From the shape of the walls and placement of doors and windows, I think the kitchen must have opened on the west into the dining room and on the north to the bath.
 
 My set is a mixture of the two colors available. Lad-a-stool....haven't heard that term before.
 
 
The bathroom was placed between the kitchen at the back of the house and the bedroom at the front.
 A green or orchid bathroom....wouldn't todays buyers on House Hunters have something to say about that!
 
 
 
The lovely bedroom with three long windows facing the front of the house, and  openings to both the living room and the bathroom.

 
 
The music room....those red pianos are gorgeous. I wish I had one. Evidently there was sufficient room in the living area to house the grand piano as there is no indication an Add-a-room was included with the music room.


 
 
 
Dowst listed 3 items of "good news" at the front of this catalog, the first one being that the Add-a-Room doll house was free with the purchase of each set of Tootsietoy furniture.  
The other two items of good news were
  • Furniture is now made of new alloy with tensile strength five times that of the old..yet lighter. (that was good news I'm sure)
  • Finished in harmonious colors----packed in colorful box with pilfer proof display feature. (oh my, sticky fingers back in 1933 also)
and finished with "Order a stock today ...  watch them walk off the counter!"
 
 
I wonder if any of these adorable little houses still exist today.... 
 
 
 

Saturday, August 16, 2014

Return to Wonderland



This is my Wonderland Doll's House, made by Schmidt Lithograph Company
 of San Francisco, California, and sold around 1930.

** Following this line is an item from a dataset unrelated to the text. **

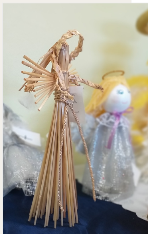
Prace konkursowe uczniów naszej szkoły

MÓWIĄ DO PASTERZY KTÓRZY TRZÓD SWYCH STRZEGLI ABY DO BETLEJEM CZYM PRĘDZEJ POBIEGLI BO SIĘ NARODZIŁ ZBAWICIEL WSZEGO ŚWIATA ODKUPICIEL "GLORIA, GLORIA, GLORIA IN EXCELSIS DEO"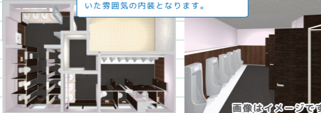
ホールはブラウンを基調とした落ち着いた雰囲気の内装となります。

北公民館につづいてチトセピアホールのトイレも新しくなります! 改修工事は4月1日(月)から着工し、4月末に完成の予定です。こちらもご期待ください!

Lithographed onto cardboard, this house folds flat to a depth of 1". It is 25" tall, 30" wide and when set up is  9½” deep. Each of the six rooms measure "  by  " with a height of 6". The alcoves in the back of each room add an additional  2½" by 5" space. It is a perfect size for my Tootsietoy furniture.

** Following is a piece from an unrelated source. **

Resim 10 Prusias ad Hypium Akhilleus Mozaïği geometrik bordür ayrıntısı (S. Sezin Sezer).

Antique and Collectible Dollhouses and Their Furnishings by Dian Zillner indicates this house originally came with one-dimensional cardboard furniture. Even though my house came in its' original box, no furniture was included.


 
Here is the back of the house....
 
 
and on the back are the instructions for setting up the house.
 


My very first post on this blog was about this delightful dollhouse.  Since that post back in August 2009, a little family has moved in and brought more furnishings with them...a necessity since the dollhouse lady "borrowed" most of the furniture for another house. Wonderland has some splits, tears and crinkles, but for 84 years this little house is still in presentable shape.

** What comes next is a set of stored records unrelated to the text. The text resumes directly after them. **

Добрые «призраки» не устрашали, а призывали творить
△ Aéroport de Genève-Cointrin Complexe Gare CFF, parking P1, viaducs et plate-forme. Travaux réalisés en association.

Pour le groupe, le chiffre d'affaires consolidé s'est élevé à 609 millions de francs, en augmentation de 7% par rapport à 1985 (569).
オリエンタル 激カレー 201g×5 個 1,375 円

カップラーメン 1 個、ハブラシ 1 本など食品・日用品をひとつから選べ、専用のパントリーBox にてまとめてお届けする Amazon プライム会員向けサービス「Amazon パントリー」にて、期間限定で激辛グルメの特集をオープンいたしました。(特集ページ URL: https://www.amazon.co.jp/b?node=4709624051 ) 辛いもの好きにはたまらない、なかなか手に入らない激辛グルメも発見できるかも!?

I love the lithographs in this house....pictures on walls, carpets on floors, wall sconces, tile in kitchen, and of course all the furniture from the 1920s decade...bookcases, chairs, beds, appliances, and a lovely bay window in the living room.  Each floor has a center wall for stability with a large opening into the adjoining room....with lithographed "pretend" curtains to close if privacy is needed!   Besides the craftsman style windows in the larger room area, each alcove has window cut-outs in the shape of a tie-back curtain.

 
Tootsietoy furniture, made of a metal alloy, was produced by the Dowst Brothers Company of Chicago, Illinois from approximately 1922 to 1937. I have seen vintage catalog ads from 1940 showing both the 1922 and 1930 models of furniture still being sold.  This fragile furniture was made in ½" to 1' scale and modeled after early 1920s furniture. In 1930 the company brought out new models that reflected the changes that had occurred in real furniture. This newer line included pieces with working parts. Because the furniture was small, the metal alloy was not especially strong and many pieces are now found with missing legs or other parts. The paint did not adhere to the metal well, so many pieces are found with chipped or missing paint. I'm quite sure I don't have a pristine piece in my collection.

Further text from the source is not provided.